> [Work task] The needed output is the run of lines below from the one containing "我们提供了面向不同学科的笔记" through the one containing "The new SafeDon™", copied exactly and free of pictures.

> [Material provided]

####

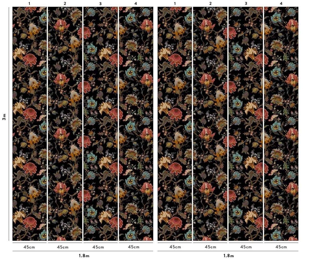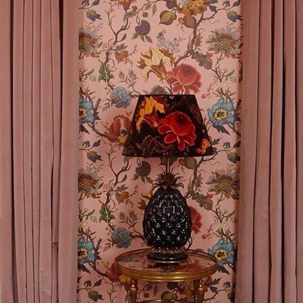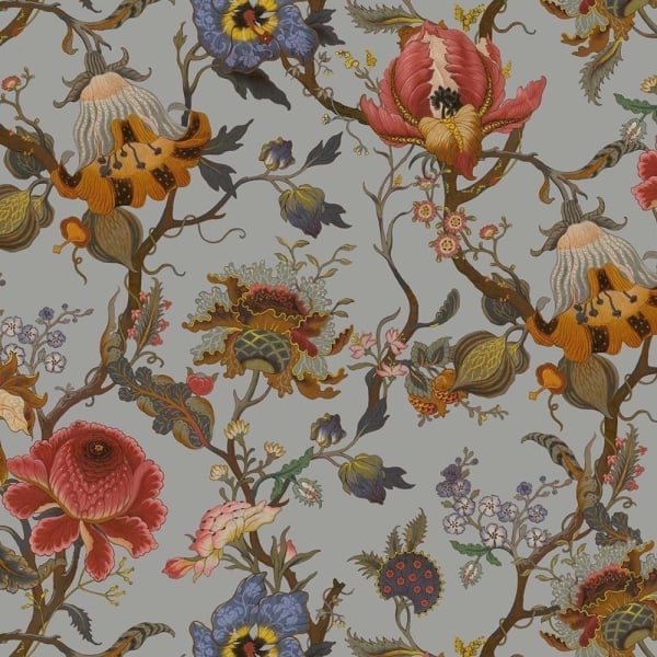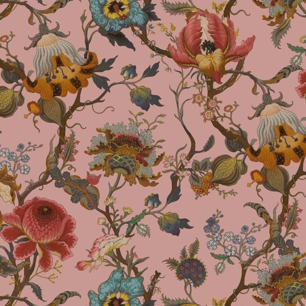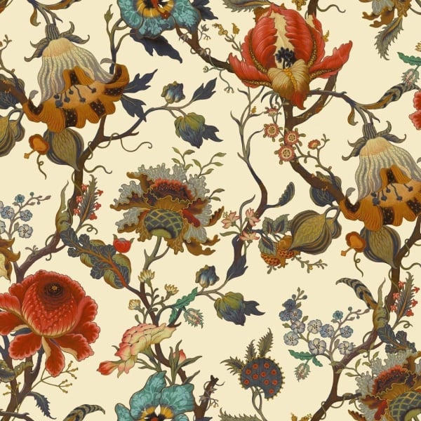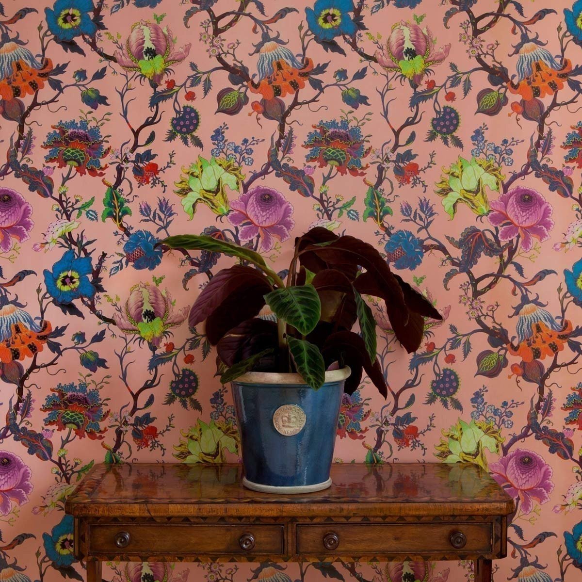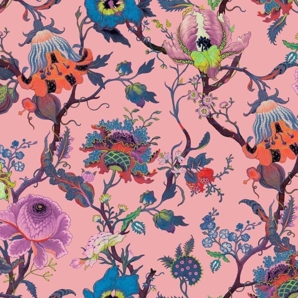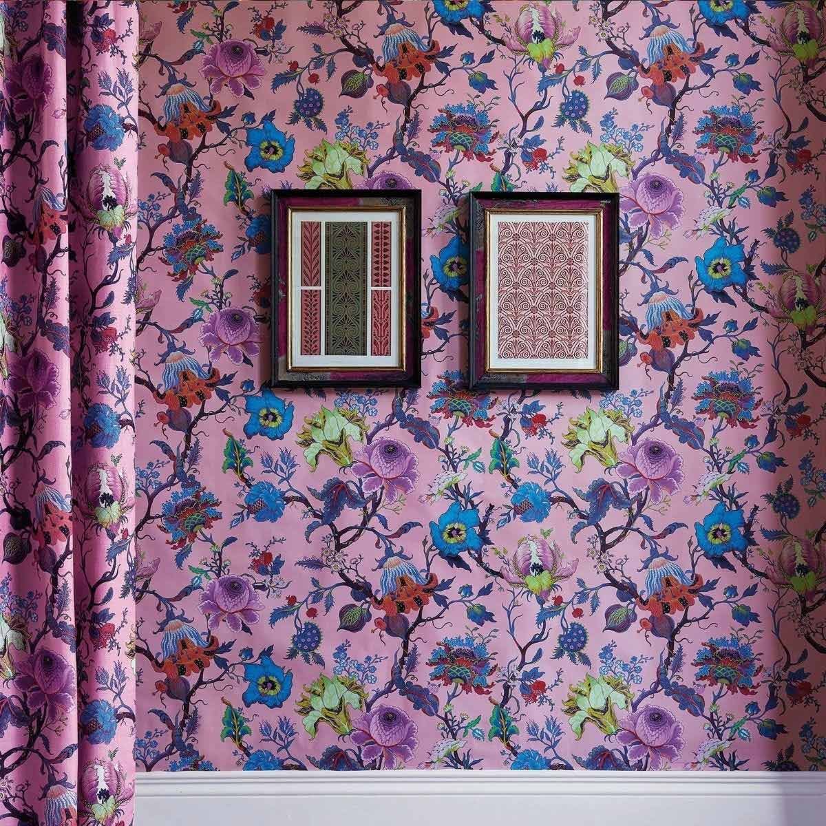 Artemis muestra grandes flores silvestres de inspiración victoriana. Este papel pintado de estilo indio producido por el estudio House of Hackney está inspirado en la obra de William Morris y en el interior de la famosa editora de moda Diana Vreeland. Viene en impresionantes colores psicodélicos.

####

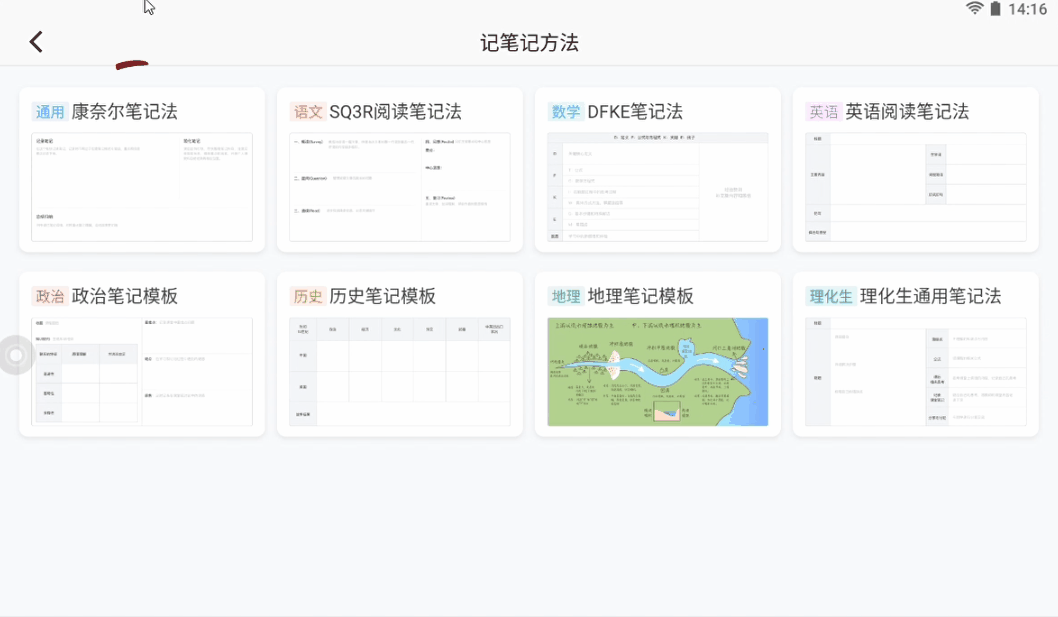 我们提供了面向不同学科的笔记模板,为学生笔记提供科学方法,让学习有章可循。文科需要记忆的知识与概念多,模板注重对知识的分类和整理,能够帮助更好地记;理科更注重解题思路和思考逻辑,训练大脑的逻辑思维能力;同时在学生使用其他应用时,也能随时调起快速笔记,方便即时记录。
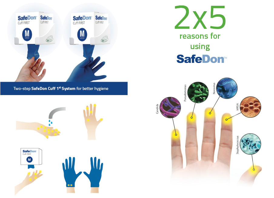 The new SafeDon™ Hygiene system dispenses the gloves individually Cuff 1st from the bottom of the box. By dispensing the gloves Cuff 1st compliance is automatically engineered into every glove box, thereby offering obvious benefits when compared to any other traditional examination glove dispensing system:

####

> [Expected answer]
 我们提供了面向不同学科的笔记模板,为学生笔记提供科学方法,让学习有章可循。文科需要记忆的知识与概念多,模板注重对知识的分类和整理,能够帮助更好地记;理科更注重解题思路和思考逻辑,训练大脑的逻辑思维能力;同时在学生使用其他应用时,也能随时调起快速笔记,方便即时记录。
 The new SafeDon™ Hygiene system dispenses the gloves individually Cuff 1st from the bottom of the box. By dispensing the gloves Cuff 1st compliance is automatically engineered into every glove box, thereby offering obvious benefits when compared to any other traditional examination glove dispensing system:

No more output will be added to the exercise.